Understanding Gradient Descent Optimization for Neural Network Training
Gradient Descent Algorithm
The gradient descent method is a fundamental optimization technique used to minimize objective functions. It operates with three core components:
Components:
- Objective function
f(x): The funcsion we want to minimize - Gradient function
g(x): The derivative of the objective function - Learning rate
η: A fixed step size controlling descent speed
Algorithm:
import numpy as np
import matplotlib.pyplot as plt
def gradient_descent(initial_x, learning_rate, gradient_fn, max_iterations=20, tolerance=1e-6):
"""
Iteratively update variable x in the opposite direction of the gradient.
"""
current_x = initial_x
for iteration in range(max_iterations):
gradient_value = gradient_fn(current_x)
current_x = current_x - learning_rate * gradient_value
print(f'Iteration {iteration}: gradient={gradient_value:.6f}, x={current_x:.6f}')
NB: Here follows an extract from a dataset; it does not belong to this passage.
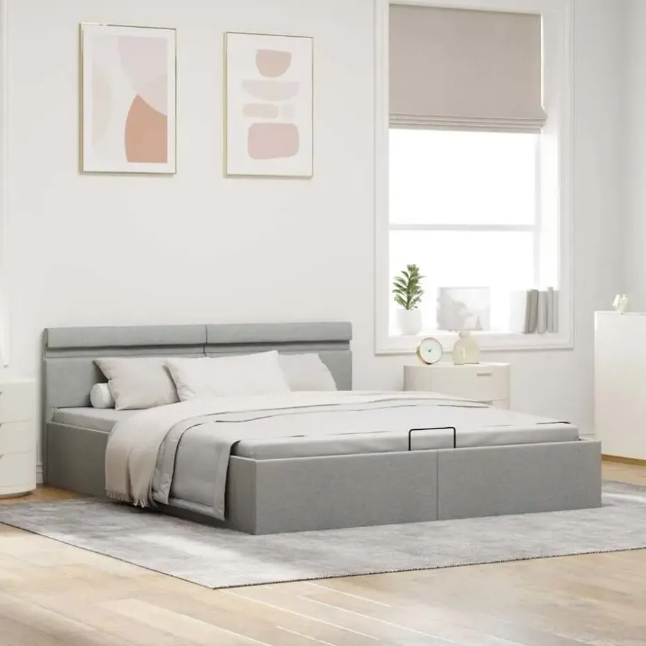 Dit beklede bed verandert de ongebruikte ruimte onder je matras in opbergruimte. Zo heb je voldoende ruimte voor het opbergen van kleding, dekens, beddengoed, enz. Het hydraulische frame blijft omhoog staan als hij omhoog is getild, zo heb je beide handen vrij om spullen op te bergen of te pakken.
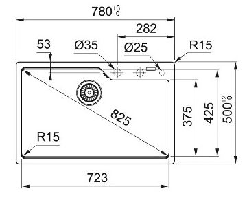 Encastre (largo x ancho) 744.00 mm x 464.00 mm

if abs(gradient_value) < tolerance:
break
return current_x
# Define the quadratic function: f(x) = x² - 2x + 1
def objective(x):
return x**2 - 2*x + 1
# Gradient of the function: g(x) = 2x - 2
def gradient(x):
return 2*x - 2
# Visualization
x_range = np.linspace(-5, 7, 100)
y_values = objective(x_range)
plt.plot(x_range, y_values)
plt.xlabel('x')
plt.ylabel('f(x)')
plt.title('Quadratic Function Optimization')
plt.show()
# Execute optimization starting from x=5
optimal_x = gradient_descent(initial_x=5.0, learning_rate=0.1, gradient_fn=gradient)
print(f'\nConverged to x = {optimal_x}')
Output:
Iteration 0: gradient=8.000000, x=4.200000
Iteration 1: gradient=6.400000, x=3.560000
Iteration 2: gradient=5.120000, x=3.048000
Iteration 3: gradient=4.096000, x=2.638400
Iteration 4: gradient=3.276800, x=2.310720
Iteration 5: gradient=2.621440, x=2.048576
Iteration 6: gradient=2.097152, x=1.838861
Iteration 7: gradient=1.677722, x=1.671089
Iteration 8: gradient=1.342177, x=1.536871
Iteration 9: gradient=1.073742, x=1.429497
Iteration 10: gradient=0.858993, x=1.343597
Iteration 11: gradient=0.687195, x=1.274878
Iteration 12: gradient=0.549756, x=1.219902
Iteration 13: gradient=0.439805, x=1.175922
Iteration 14: gradient=0.351844, x=1.140737
Iteration 15: gradient=0.281475, x=1.112590
Iteration 16: gradient=0.225180, x=1.090072
Iteration 17: gradient=0.180144, x=1.072058
Iteration 18: gradient=0.144115, x=1.057646
Iteration 19: gradient=0.115292, x=1.046117
Converged to x = 1.046117
Interpretation:
The parabola f(x) = x² - 2x + 1 has its minimum at x = 1. Starting from x₀ = 5, the algorithm progressively reduces the gradient magnitude with each iteration. By epoch 19, the solution approaches the optimal value, demonstrating how gradient descent systematically navigates toward the minimum by taking steps proportional to the negative gradient.